Doctors are putting pregnant women and their babies at serious risk by prescribing antidepressants, new research has shown.
Senior doctors have said that there is significant research to indicate that antidepressants such as selective serotonin reuptake inhibitors or SSRIs, can influence complications in pregnancy such as miscarriage, still birth and pre-eclampsia.
Doctors in Tufts University School of Medicine in Boston Massachusetts said that family doctors throughout the world are failing to recognise the damage that antidepressants cause.
SSRIs have also been linked to autism as well as bowel and lung cancer.
According to The Irish Independent, Dr.
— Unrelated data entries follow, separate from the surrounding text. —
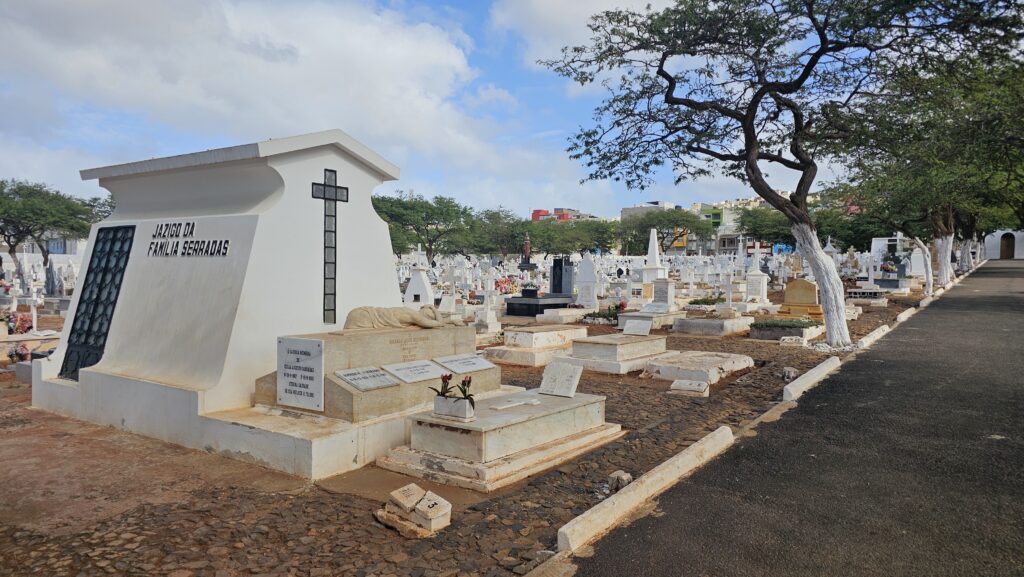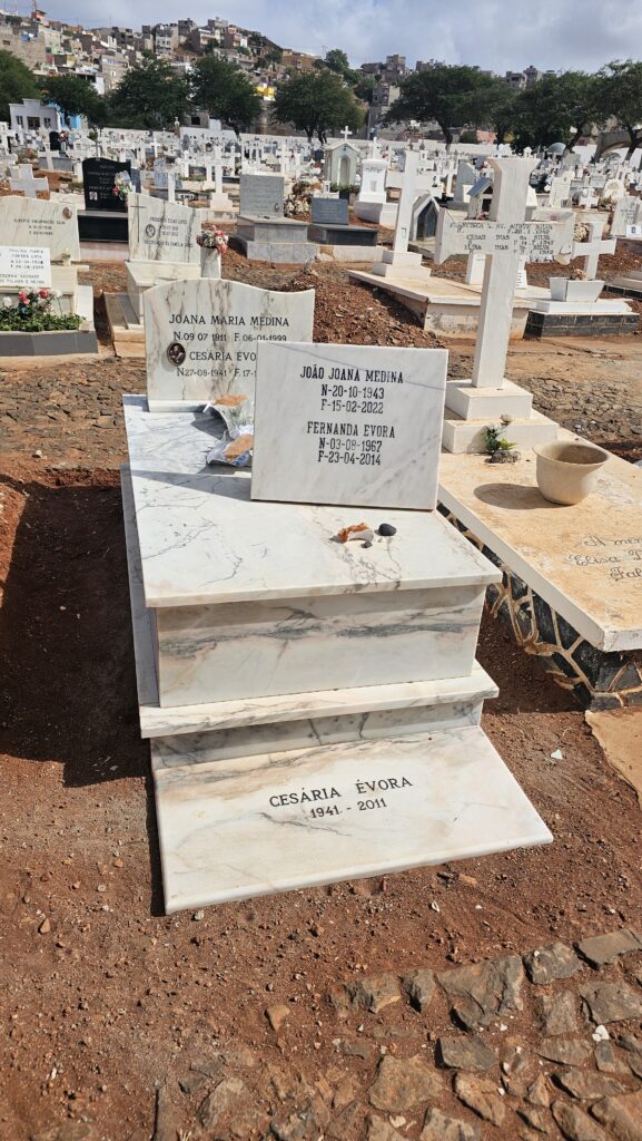 Nach einer ermüdenden Kopfsteinpflasterfahrt, auf der ich von Autos träumte, erreichten wir wieder die Außenbezirke Mindelos. Hier ist der riesengroße Friedhof der Stadt. Ich bat um einen Stopp, um das Grab Cesária Évoras zu besuchen. Marcio hatte etwas Probleme, es zu finden, aber ein Passant zeigte es uns dann, sie wurde wohl zwischenzeitlich umgebettet. Für eine so berühmte Künstlerin ist es ein sehr schlichtes, bescheidenes Grab. Ihre Mutter und ihre Tochter sind dort ebenfalls bestattet.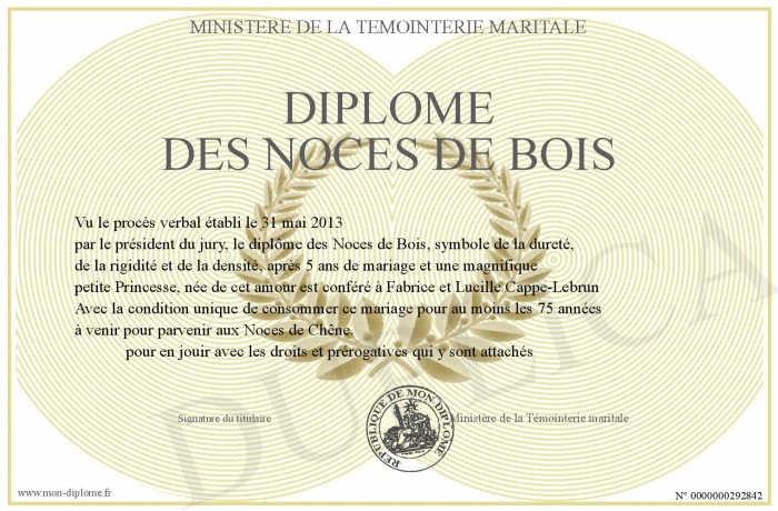 Envoyez par email votre Diplôme des Noces de Bois personalisé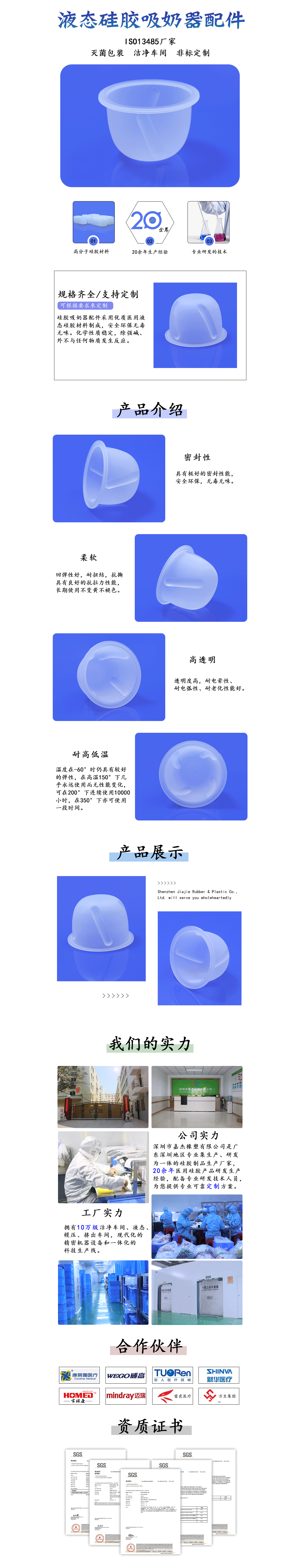 采用優(yōu)質(zhì)硅膠原料制作,具有良好的物理特性,無(wú)毒無(wú)味且沒(méi)有過(guò)敏反應(yīng),柔軟高透明可高溫消毒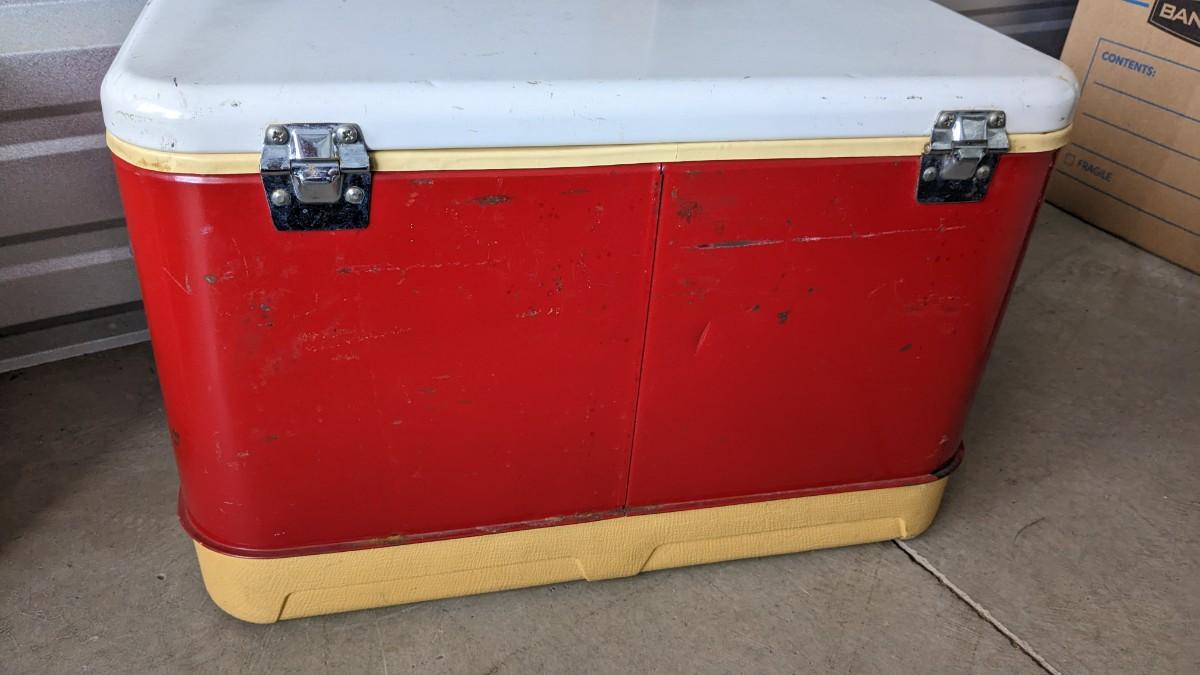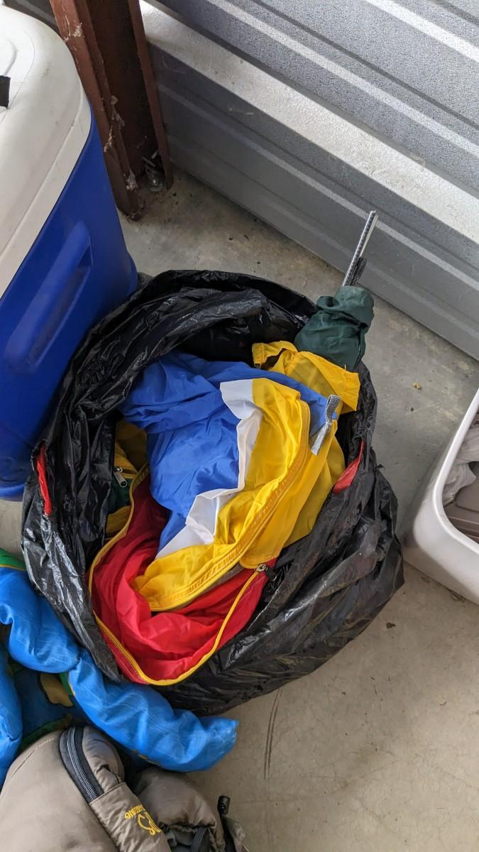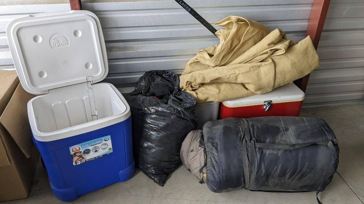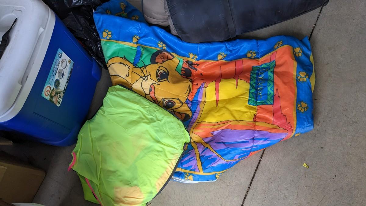 some great camping goods up for grabs. Includes presumed complete 2 person tent, vintage Lion King sleeping bag, adult sleeping bag, 2 coolers including vintage piece that's in great shape for age, camping chair, and more! No shipping. 2616

Adam Urato, a researcher involved in the study said: “Study after study shows increased rates of newborn complications in those babies who were exposed to SSRIs in-utero.
Antidepressants put pregnant women at risk
At least 40 studies had shown a link between taking SSRIs in pregnancy and birth before 37 weeks, which can endanger the child
“It is a fact that these antidepressants have been very lucrative for the pharmaceutical industry and it is a fact that many of the users of these drugs are women of childbearing age.
“It stands to reason to me that the drug makers would rather that the risks of these agents in pregnancy not receive widespread attention as that would be a reason for many women to not take the drugs in the first place or to stop taking them—both of which are not good for sales of the product,” he said.